Re: Decoding an int32 from a part of a sequence

Greg Menke <gregm32768@comcast.net> writes:

> HI all,
>
> I ran a benchmark comparing the DPB approach vs an arithmetic one I've
> used, benchmark & code follows.  The results suggest the arithmetic
> approach may be faster w/ smaller memory footprint in some
> circumstances.  The performance difference follows reversing the order
> of the tests and with dataset lengths up to 2x10^6.  (only one test
> shown below).  Would be interesting if others find a similar result,
> or not.
>
> Lispworks 4.3.7
> Linux megatux 2.6.34.7-66.fc13.i686 #1 SMP
> Intel(R) Core(TM)2 Duo CPU     T9400  @ 2.53GHz
> MemTotal:        3093120 kB
>
> ===========================================
>
> CL-USER 14 > (r)
>
> 500000 iterations dpb uint32
> Timing the evaluation of (loop for i from 0 below *dataset-length*
> with tval = 0 do (incf tval (pb-uint32-ref (aref dataset i) 0)))
>
> user time    =      0.865
> system time  =      0.001
> Elapsed time =   0:00:01
> Allocation   = 84000568 bytes standard / 1331 bytes conses
> 0 Page faults
>
> 500000 iterations gm uint32
> Timing the evaluation of (loop for i from 0 below *dataset-length*
> with tval = 0 do (incf tval (gm-uint32-ref (aref dataset i))))
>
> user time    =      0.498
> system time  =      0.000
> Elapsed time =   0:00:01
> Allocation   = 36000800 bytes standard / 1397 bytes conses
> 0 Page faults
>
> nil
>
>
> ===========================================
>
> ;; (proclaim '(optimize (speed 3) (safety 1) (debug 1)))
>
>
> (defun pb-uint32-ref (vector offset)
>   (the (unsigned-byte 32)
>        (dpb (aref vector offset) (byte 8  24)
>             (dpb (aref vector (1+ offset)) (byte 8  16)
>                  (dpb (aref vector (+ 2 offset)) (byte 8  8)
>                       (aref vector (+ 3 offset)))))))
>
>
> (defun gm-uint32-ref (dblock)
>   (+ (* #x01000000 (aref dblock 0))
>      (* #x00010000 (aref dblock 1))
>      (* #x00000100 (aref dblock 2))
>      (aref dblock 3)) )

It shouldn't make a difference with a not-dumb compiler, but:

 (defun gm-uint32-ref (dblock)
   (+ (ash (aref dblock 0) 24)
      (ash (aref dblock 1) 16)
      (ash (aref dblock 2)  8)
           (aref dblock 3)))


Then, depending on the strength of the compiler on types,  the following
might be even faster (notice that processor can OR faster than ADD
usually, because they don't have to check for carries)

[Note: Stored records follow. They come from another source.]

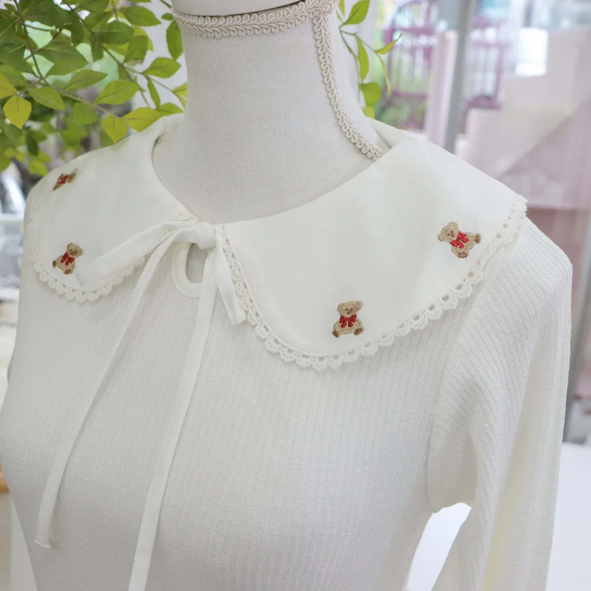 【LIVERY】四隻小熊蝴蝶結綁帶花邊袖上衣 長袖上衣 323876(A)
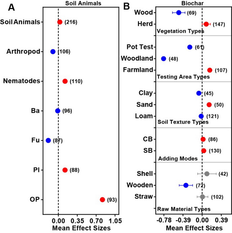 近年來,全球范圍內(nèi)對生物炭作為土壤調(diào)節(jié)劑的應(yīng)用興趣顯著增加。土壤動物在土壤生態(tài)系統(tǒng)中種類繁多,并對土壤環(huán)境的變化表現(xiàn)出高度敏感性。它們在評估不同田間管理條件和土地利用狀況下的土壤健康方面發(fā)揮著至關(guān)重要的作用。生物炭對土壤動物的影響既包括土壤動物的直接取食作用,也涉及生物炭對土壤環(huán)境的間接影響。然而,目前尚缺乏關(guān)于生物炭添加對土壤動物影響的系統(tǒng)性和定量性研究。薈萃分析能夠促進對已有研究結(jié)果的定量整合,通過整合多個發(fā)現(xiàn),尤其是在特定主題下樣本量相對較小的情況下,可以提高統(tǒng)計效率,解決研究結(jié)果間的不一致性,探討現(xiàn)有文獻中的發(fā)表偏差,制定新的研究問題,并為進一步分析研究提供理論性框架和標準化體系。
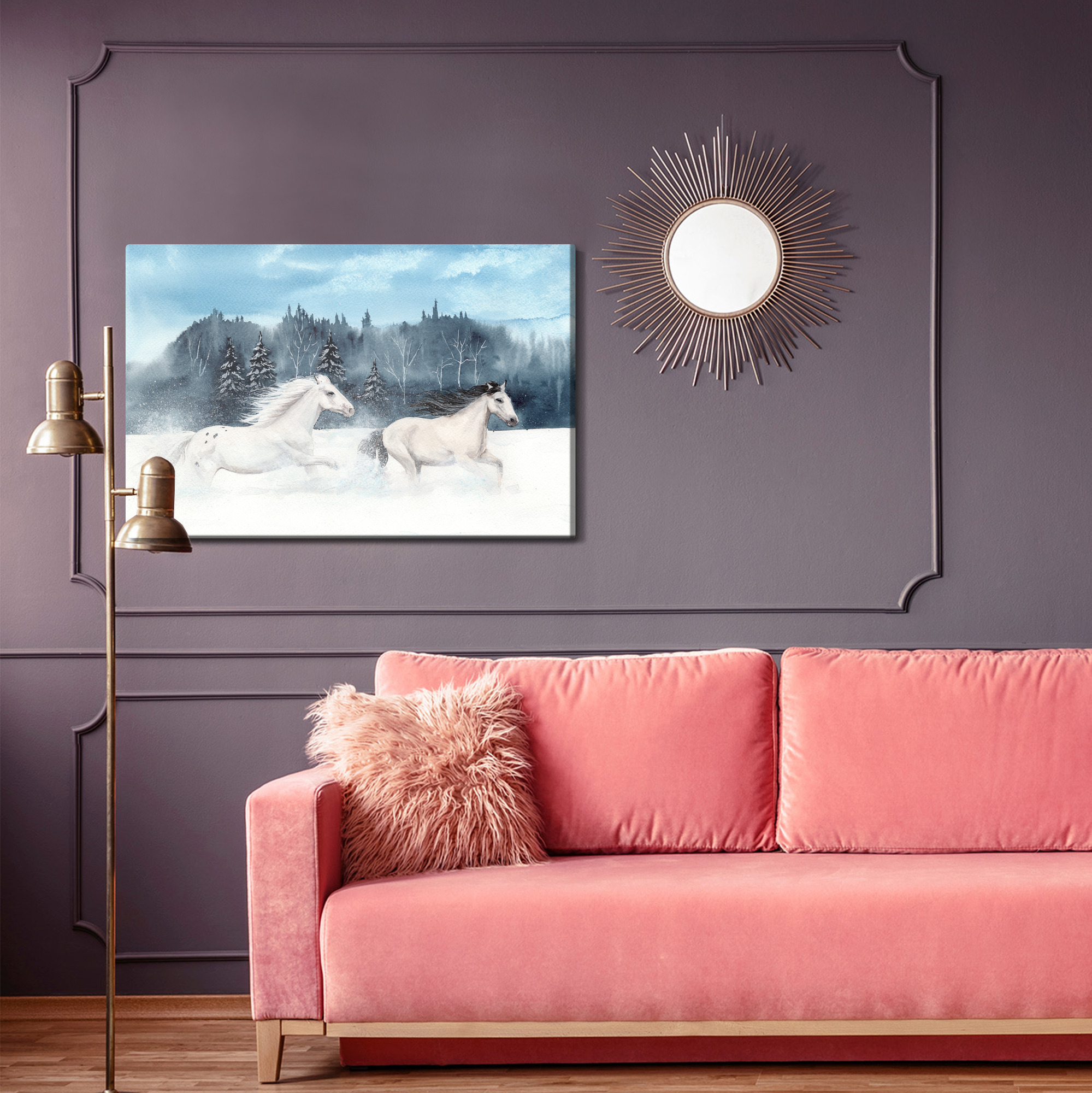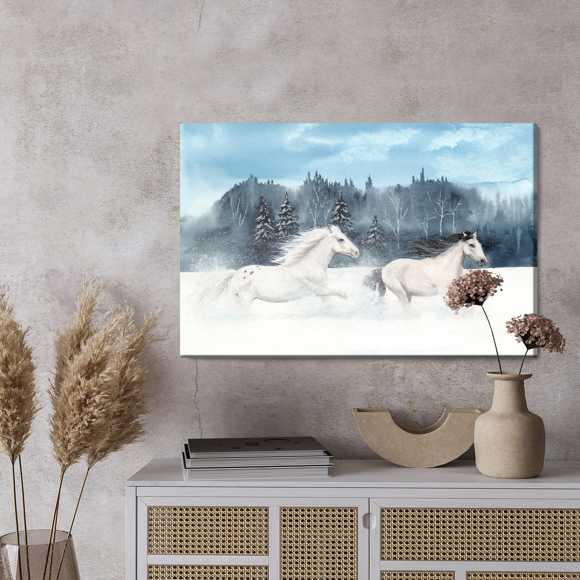 Obraz Na Płótnie Konie Galopujące W Śniegu
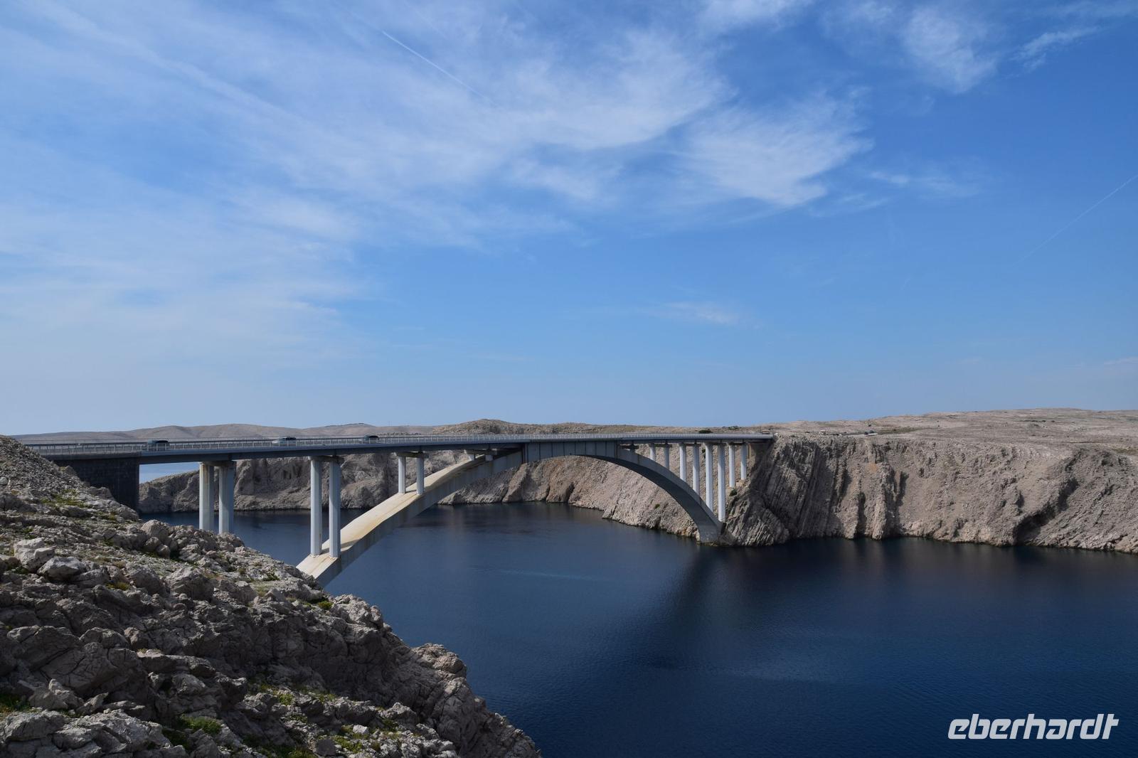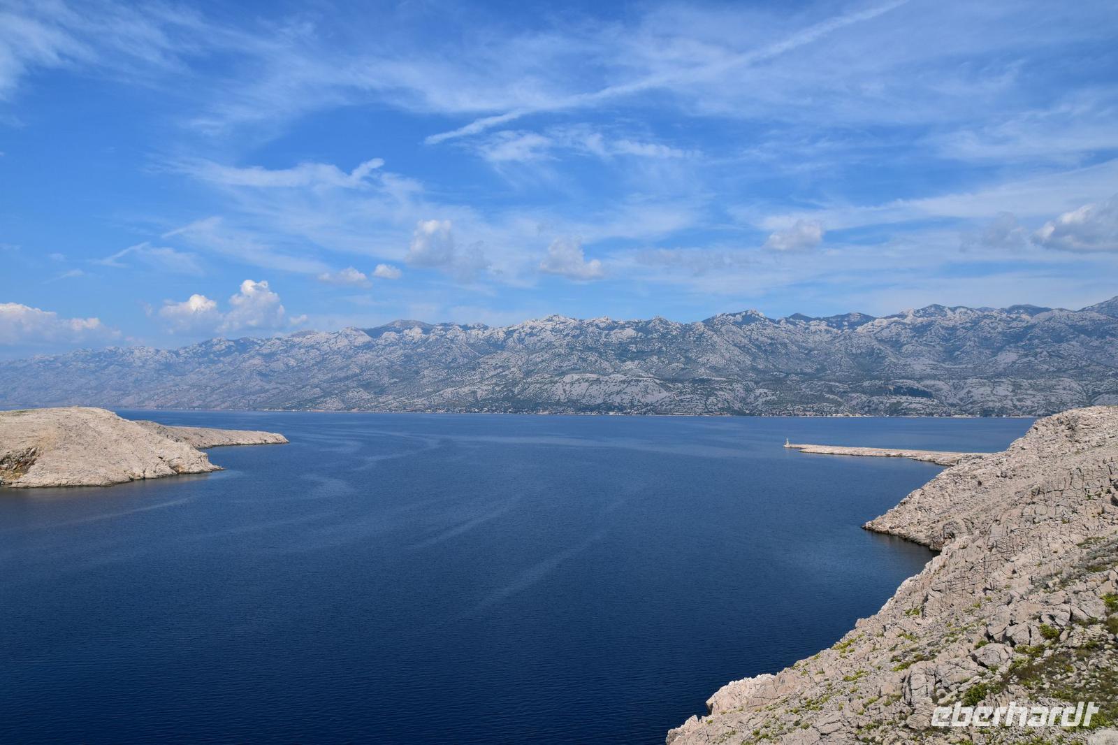 Anschließend ist Freizeit für weitere Erkundungen, für ein leckeres Eis oder einen kleinen Mittagssnack, bevor wir zur Insel Pag weiterfahren. Eine schöne Fahrt, bei guter Sicht zum Velebit-Gebirge, wo ein paar dicke Wolken auf dem Gebirgskamm hängen. Beim Fotostopp an der Brücke zur Insel, bietet sich ein besonders schöner Blick auf das Insel- und Gebirgspanorama
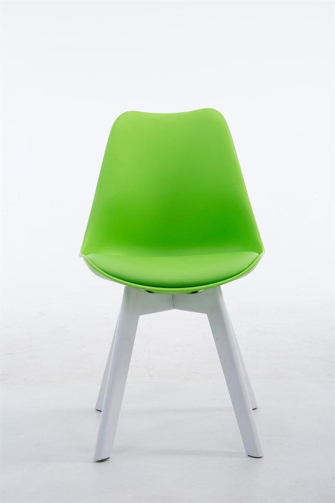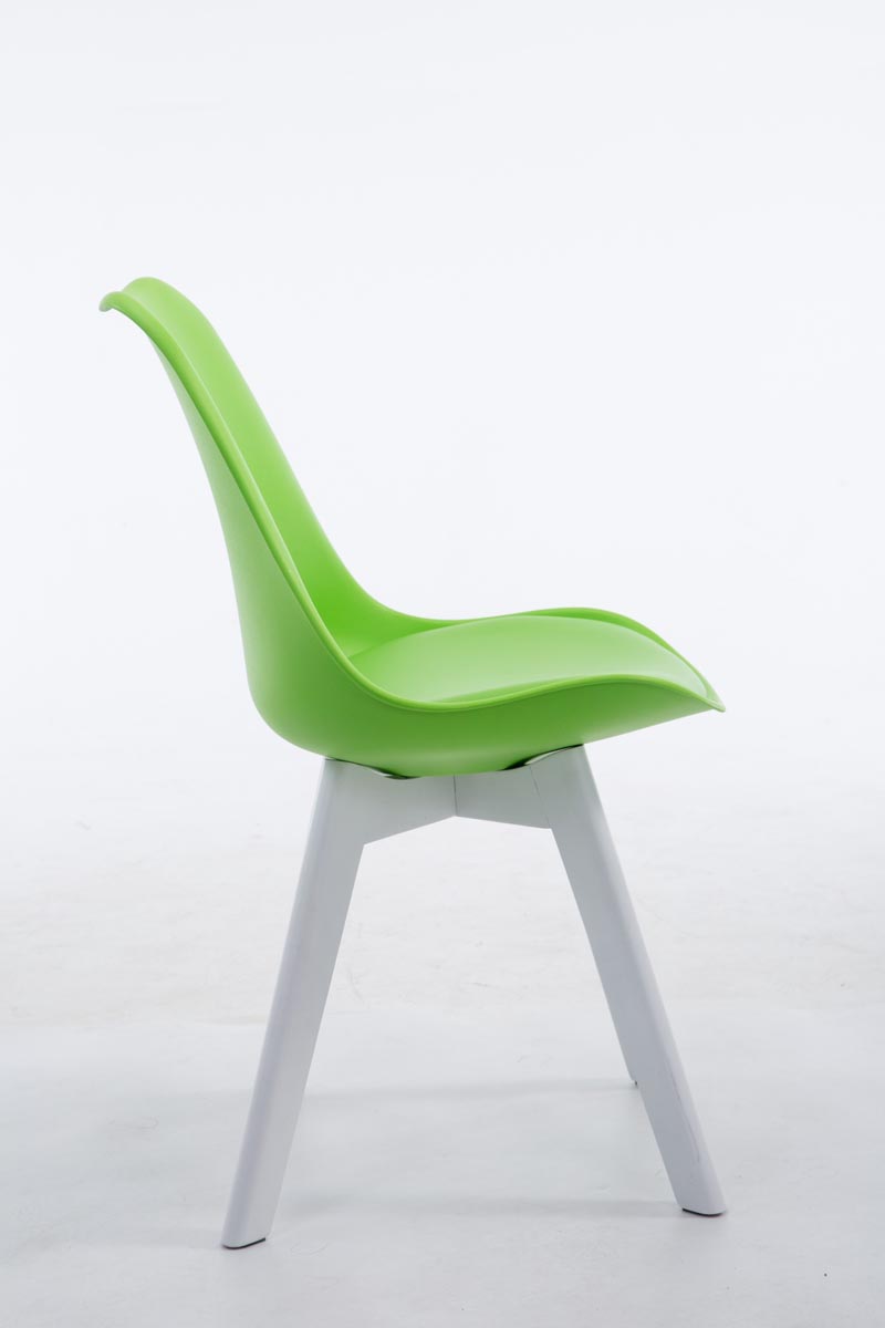Chaise de salle à manger x1 design scandinave en PVC et plastique vert et piètement à 4 pieds en bois blanc 10_0003307
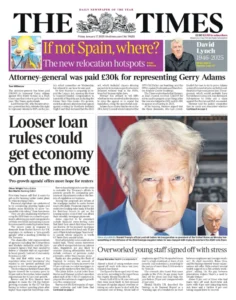 “تخفيف قواعد القروض قد يُحرك الاقتصاد” كشفت التايمز أن الجهات التنظيمية المالية تدرس تخفيف قواعد القروض العقارية، ما سيسهل على المشترين للمرة الأولى دخول سوق الإسكان. كما تضمنت الصحيفة صورة للرئيس الأمريكي المنتخب دونالد ترامب قبل تنصيبه الأسبوع المقبل.

(defun gm-uint32-ref (dblock) 
 (logand #xffffffff
   (logior (ash (aref dblock 0) 24)
           (ash (aref dblock 1) 16)
           (ash (aref dblock 2)  8)
                (aref dblock 3))))


The logand is actually a type declaration, a good compiler should do the
same with it as with (the (unsigned-byte 32) ...).
But again, I'd expect a good compiler to generate the same code from dpb
as from logior+ash.


So there, you have a few more options to benchmark.


-- 
__Pascal Bourguignon__                     http://www.informatimago.com/
A bad day in () is better than a good day in {}.